OPINION AND ORDER This matter is before the Court on Defendant CMI Roadbuilding, Inc. (“CMI”)’s Motion to Dismiss the First Amended Complaint. (ECF No. 20.) For the reasons stated below, the Court DENIES CMI’s Motion. BACKGROUND Plaintiffs Amaazz Construction Group, LLC (“ACG”) and Amaazz Construction Ohio, LLC (“ACO”), ACG’s wholly owned subsidiary, (together, “Amaazz Parties”) are headquartered in Franklin County, Ohio. (Am.

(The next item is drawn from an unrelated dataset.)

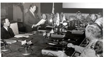 | 🌲71년 제4차 한·미 연례안보협의회의(국방각료회담 개칭) 개최(서울) 1971년 제1차 한미안보협의회의 개막 1973년 9월 12일 개막된 한미안보협의회의. 한반도의 안보에 관한 제반 문제를 중점적으로 협의하는 제1차 한미안보협의회의가 1971년 7월 12일 서울에서 개막됐다. 회의는 1968년 5월 27일과 28일 양일간 워싱턴에서 열린 제1차 한미국방장관 회담이 모태였다. 제1차부터 3차 회의까지는 한미국방장관 회담이었으나 1971년 회의부터 양국 국방장관을 대표로 하는 한미안보협의회의(한미연례안보협의회)로 칭했다. 협의회는 한미간의 각종 안보문제를 해결하는 최고의 협의기구로 매년 교대로 회의를 가졌다. 그 후 한미연합군사령부의 창설에 따라 양국간 군사적인 문제를 협의하기 위해 양국 합참의장을 대표로 하는 군사위원회가 1978년부터 별도로 설치 운영되고 있다. | |
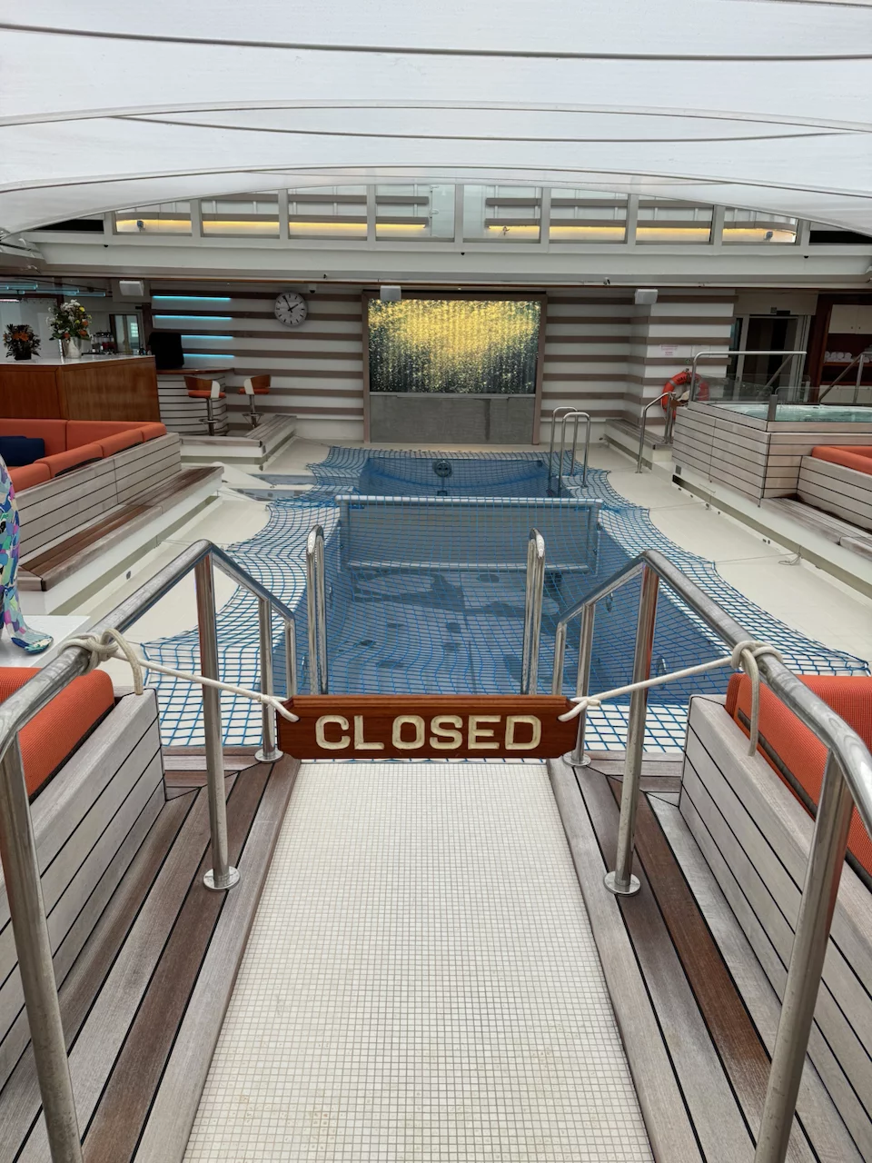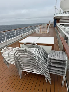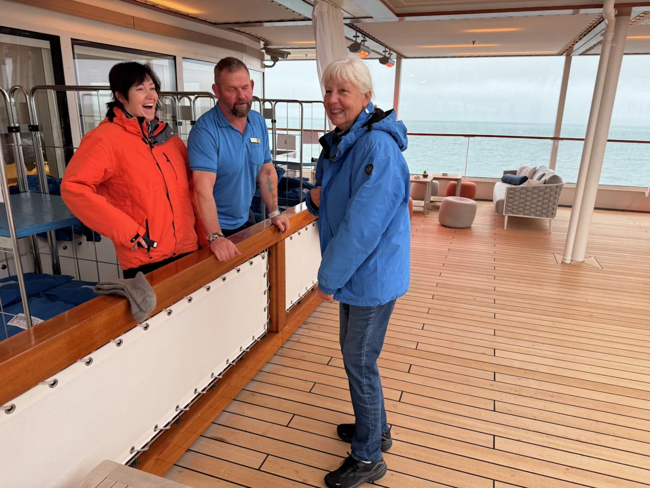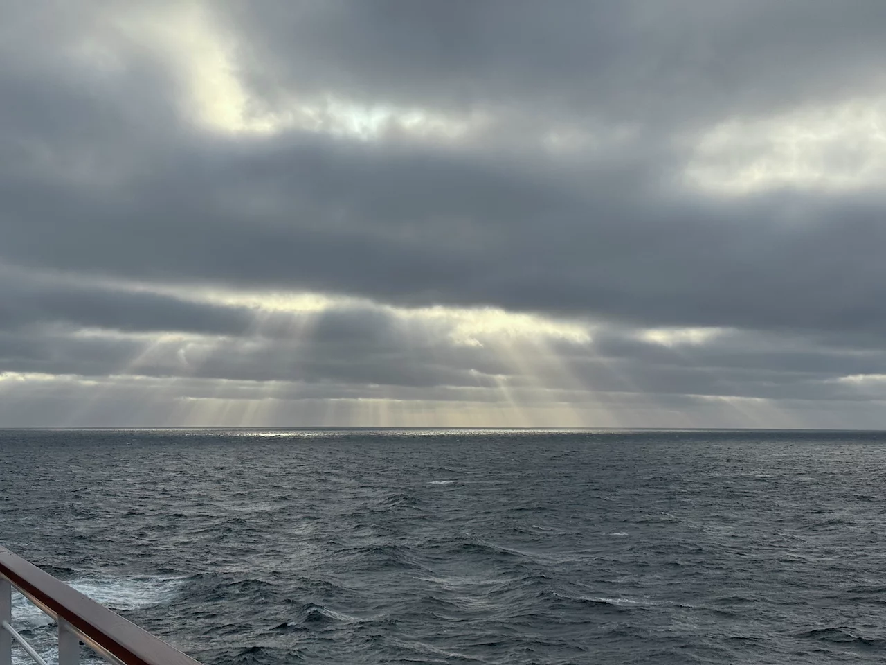 Die Nacht war bereits etwas schaukelig. Während des Frühstücks lud uns der Kapitän zu einer kurzen Informationsrunde zum Wetter der nächsten Tage in’s HanseAtrium auf Deck 4 ein. Bereits da schwante uns bereits “Böses” und unsere Ahnung hat sich dann auch schnell bestätigt.

Compl., ECF No. 19, ¶¶ 14–15.) ACO is a construction company that focuses on commercial and municipal asphalt paving projects. (Id. ¶ 2.) CMI is a heavy equipment manufacturing company that has its principal place of business in Oklahoma City, Oklahoma. (Id. ¶¶ 3, 16.) It manufactures a mobile asphalt processing machine called the “CMI Magnum 250 Super Portable 250tph [tons per hour] counterflow drum-mix” (“Mobile Asphalt Plant” or “Plant”). (Id. ¶ 1.) The Plant’s mobile design allows construction companies to reduce the costs of manufacturing and transporting asphalt by bringing the plant with them from build site to build site. (See id. ¶¶ 1–3.) CMI advertised that the Mobile Asphalt Plant could be assembled in two days at any build site, produce 250 tons of asphalt per hour, and be used at build sites with “minimal foundations.” (Id. ¶¶ 3–4.) Amaazz Parties contacted CMI about purchasing a Mobile Asphalt Plant, and CMI’s head of sales repeated these marketing points to Amaazz Parties. (Id. ¶ 24.)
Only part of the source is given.